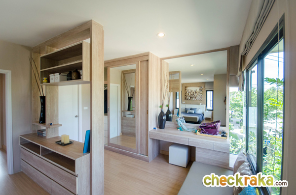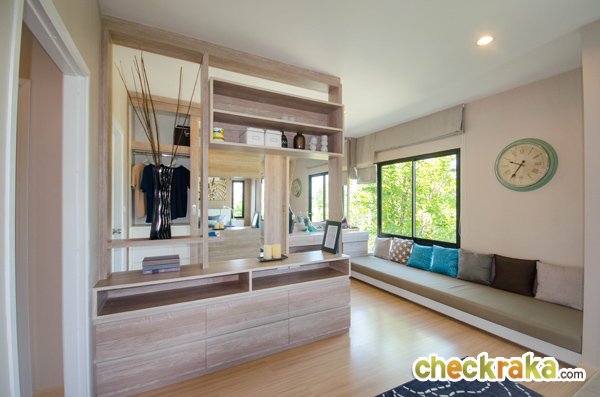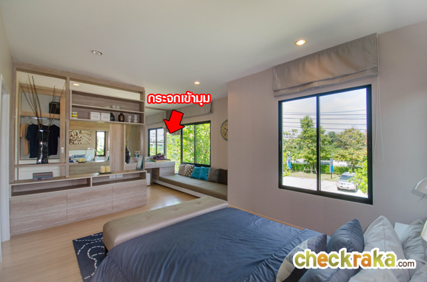 สุดผนังยังสามารถจัดวางตู้เสื้อผ้าขนาดใหญ่ และโต๊ะเครื่องแป้งได้พอดี ส่วนหน้าต่างบานเลื่อนและกระจกเข้ามุม
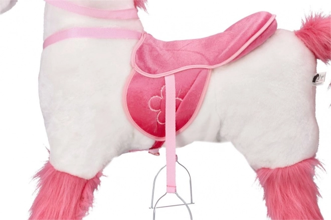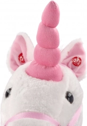 Das Einhorn hat eine weiche, plüschige Oberfläche mit einem weißen Körper und rosa Details, was es zu einer wunderschönen Ergänzung für das Kinderzimmer oder den Spielraum macht.
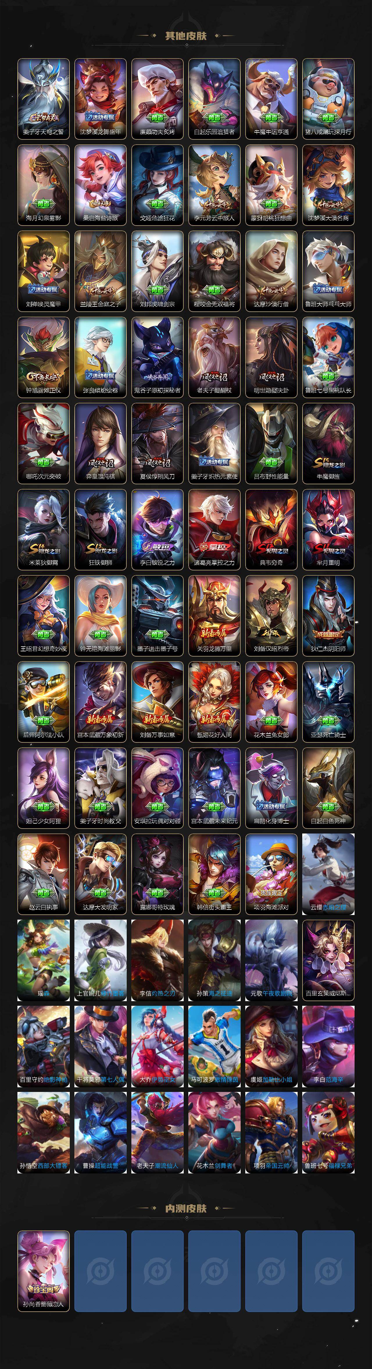 【赛季限定】:芈月重明,典韦穷奇,狂铁御狮,米莱狄御霄,牛魔御旌,夏侯惇朔风刀,弈星混沌棋,明世隐疑决卦,老夫子醍醐杖,鬼谷子原初探秘者,钟馗驱傩正仪,达摩沙漠行僧,兰陵王金庭之子,沈梦溪大漠名商,李元芳云中旅人,桑启海盐诗旅,姜子牙天穹之誓,东皇太一噬灭天穹,亚瑟荣光之誓
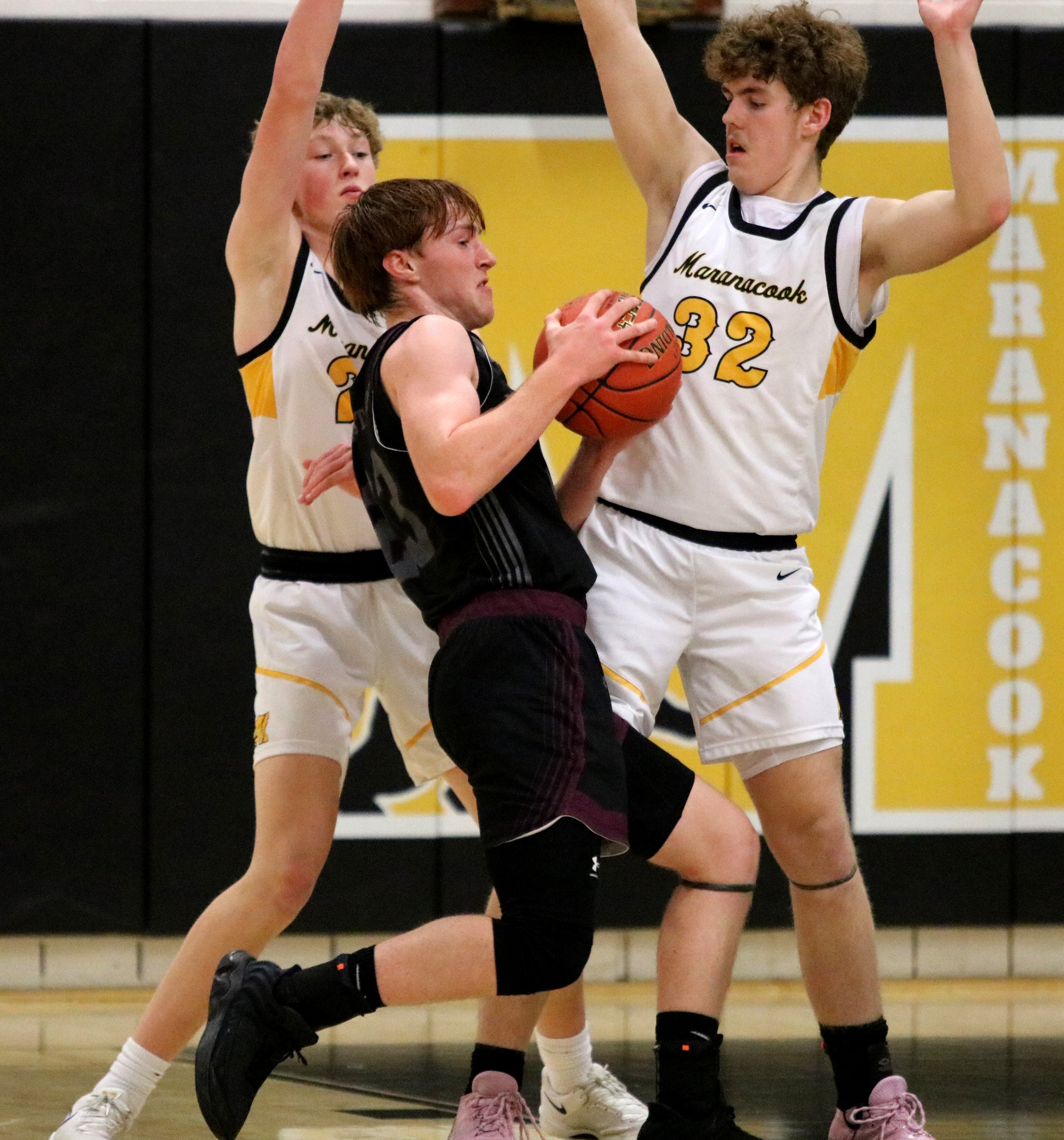 Maranacook’s Alex Labelle (right) and Grady Hreben defend against Jacob Harmon of Monmouth Academy during a Jan. 30 game in Readfield. With a strong returning cast and a pair of intriguing freshmen, the Black Bears are a team to watch in central Maine. (Anna Chadwick/Staff Photographer)

··········

About this exercise: For this step, transcribe all the material above exactly and drop the images.

Response box:
 สุดผนังยังสามารถจัดวางตู้เสื้อผ้าขนาดใหญ่ และโต๊ะเครื่องแป้งได้พอดี ส่วนหน้าต่างบานเลื่อนและกระจกเข้ามุม
 Das Einhorn hat eine weiche, plüschige Oberfläche mit einem weißen Körper und rosa Details, was es zu einer wunderschönen Ergänzung für das Kinderzimmer oder den Spielraum macht.
 【赛季限定】:芈月重明,典韦穷奇,狂铁御狮,米莱狄御霄,牛魔御旌,夏侯惇朔风刀,弈星混沌棋,明世隐疑决卦,老夫子醍醐杖,鬼谷子原初探秘者,钟馗驱傩正仪,达摩沙漠行僧,兰陵王金庭之子,沈梦溪大漠名商,李元芳云中旅人,桑启海盐诗旅,姜子牙天穹之誓,东皇太一噬灭天穹,亚瑟荣光之誓
 Maranacook’s Alex Labelle (right) and Grady Hreben defend against Jacob Harmon of Monmouth Academy during a Jan. 30 game in Readfield. With a strong returning cast and a pair of intriguing freshmen, the Black Bears are a team to watch in central Maine. (Anna Chadwick/Staff Photographer)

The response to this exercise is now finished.